Earth is failing. In a desperate bid to escape, the spaceship Enkidu and its captain, Heorest Holt, carry its precious human cargo to a potential new Eden. Generations later, this fragile colony has managed to survive, eking out a hardy existence. Yet life is tough, and much technological knowledge has been lost.
Then Liff, Holt’s granddaughter, hears whispers that the strangers in town aren’t from neighbouring farmland. That they possess unparalleled technology – and that they’ve arrived from another world. But not all questions are so easily answered, and their price may be the colony itself.
Publisher: Tor | Date: 2022 | Genre: Science Fiction
I received Children of Memory from the publisher in exchange for an honest review. All thoughts and opinions are my own.
Children of Memory Review
Children of Time has sat on my shelf for a while. When I was given the chance to review Children of Memory, I knew the time had come to immerse myself in this trilogy – and what a ride it is!
Children of Memory is pushed as being either the third book in the series, or one that can be your introduction to this world. Given the complexities and developments that happen in the first two novels, I’m not certain how much will make sense if this is your first foray into this world. Spiders, octopuses, birds, AI’s and a mutating parasite posing as a human might be a little much if you don’t know how they got that.
That being said, the entire trilogy is well worth a read. It’s hard science-fiction: there’s a lot of scientific jargon added in. While some of that went over my head, Tchaikovsky has a way with words that means it never detracts from the reading experience. The science never disrupts the flow; it only adds layers into this complex world. Still, not for the faint-hearted who want an easy science-fiction read.
This review won’t be a rehash of the plot. But I will say it’s a complicated twist of time and fate. There was a point around mid-way where I began to get confused about what was going on. But, true to form, Tchaikovsky brings all these plot points together in a way that left me unable to put the book down. You need your brain switched on for this book, but it’s worth every second.
Like the two prior instalments, it’s a dual narration: one inhabitant of the world; one visitor. It feels more contained, however, possibly due to nearly all the characters having a human form, therefore lacking the time (and words) spent trying to establish communication like before.
Perhaps because of this, I felt there was more connection to the characters this time around. More emotion. I’ve enjoyed all of the narrators up until now, yet there was something personal this time around. While it was still a world at stake, we followed individuals more closely, creating more empathy for the characters.

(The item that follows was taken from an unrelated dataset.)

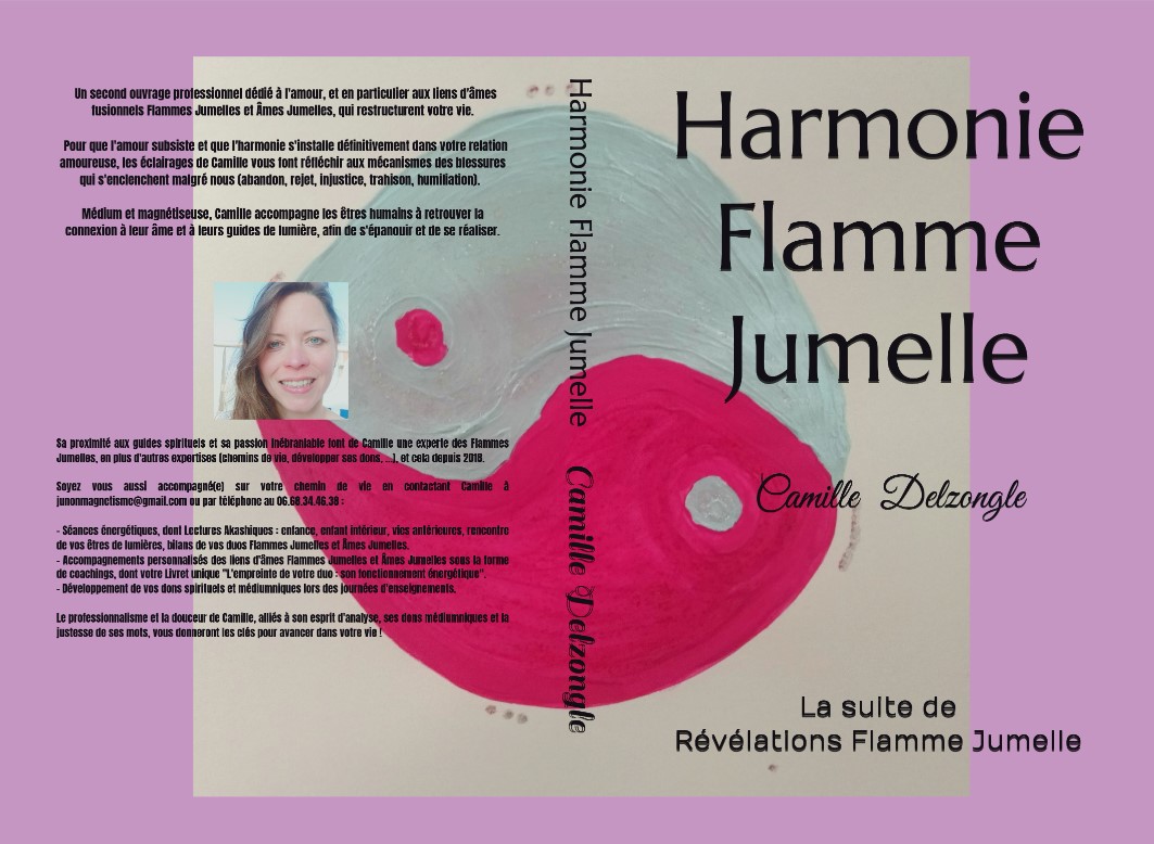 2ème ouvrage professionnel sur les Parcours Flammes Jumelles et Âmes Jumelles. - Données Thérapeutiques et Médiumniques. - La suite de "Révélations Flamme Jumelle", le 1er ouvrage professionnel de Camille, experte Flammes Jumelles depuis 2018. Un guide du lien d'âmes Flammes Jumelles en particulier, qui vous accompagne vers l'harmonie de la relation. Empreint de professionnalisme, douceur, justesse. Tarif : 25.80 € par CB (frais informatiques et associés inclus) ou 24€ par Chèque ou Virement + Frais postaux à ajouter lors de la validation de votre Commande (Lettre Suivie, Colissimo, ... France / Etranger). Vous recevez votre livre chez vous sous 1 à 2 semaines !
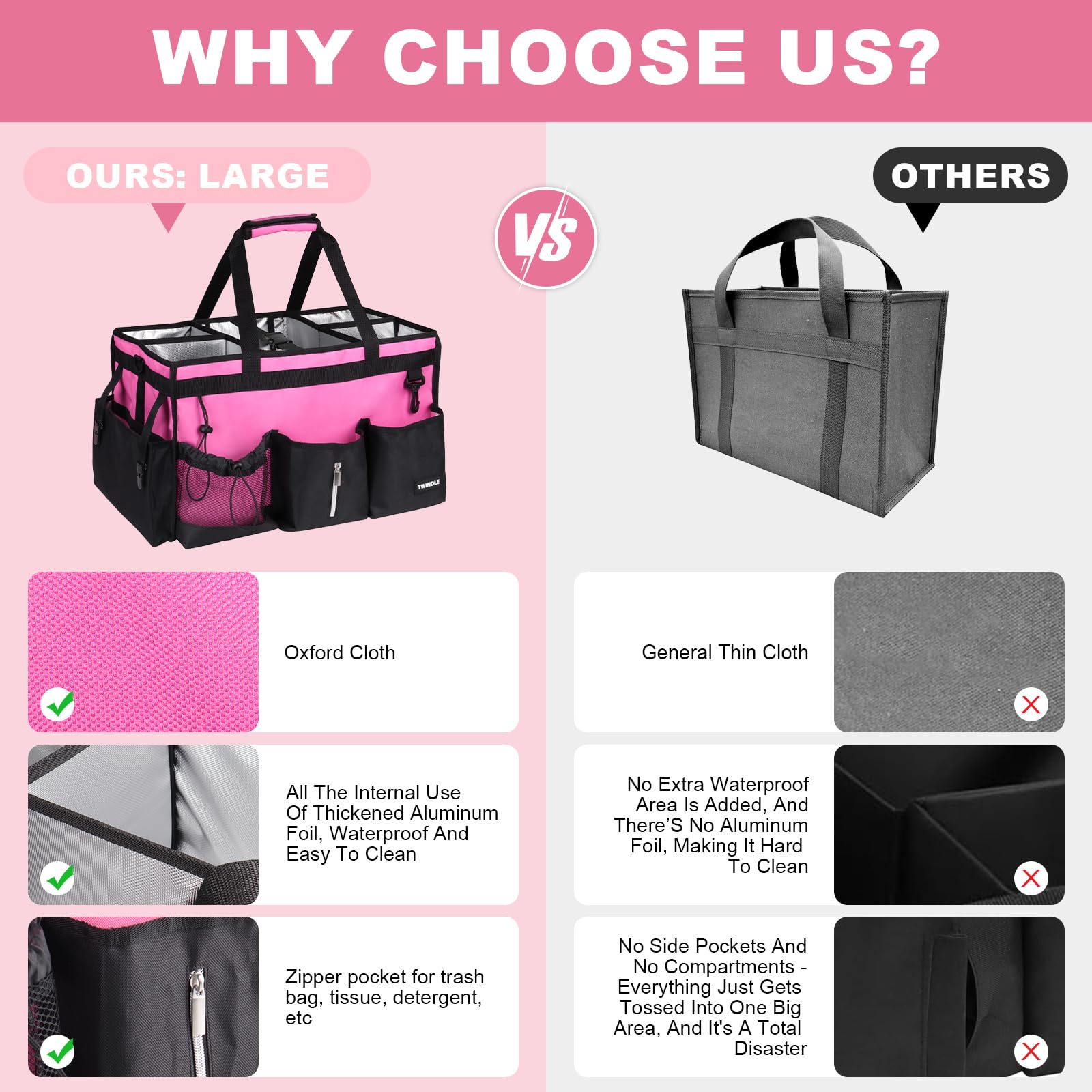 - 【This May Be The Largest Ever Cleaning caddy You Have Ever Seen】This Pink Cleaning Caddy Is The Largest Cleaning Caddy Organizer With Handle in Market, Designed To Make Your Cleaning Tasks Easier And More Efficient! The Cleaning Supply Caddy's External Dimensions Are 19.69' X 11.42' X 11.42'.The Cleaning Bag Offers Ample Storage Space And Movable Compartments, Allowing You To Tidy Up Your Cleaning Supplies And Keep Them Organized And Easily Accessible.

I loved Children of Memory, and am glad to have read the series. Tchaikovsky creates these phenomenal premises and ideas in such a way you can’t help but accept what is happening. I’ve been a fan of his writing for a while and this trilogy proved why. Not many authors can send me down a rabbit hole with their plot and yet keep me gripped with every word.
While the book isn’t short, I was unable to put it down and got through it relatively quickly. When you’re that absorbed in a story, it’s hard not to.
If you’re looking for your next science-fiction adventure, or ready to finish off an epic trilogy, I can’t recommend Children of Memory enough. It is a literal out-of-this-world novel and takes you on a heck of a journey.
Are you a Tchaikovsky fan? What’s your favourite science-fiction novel?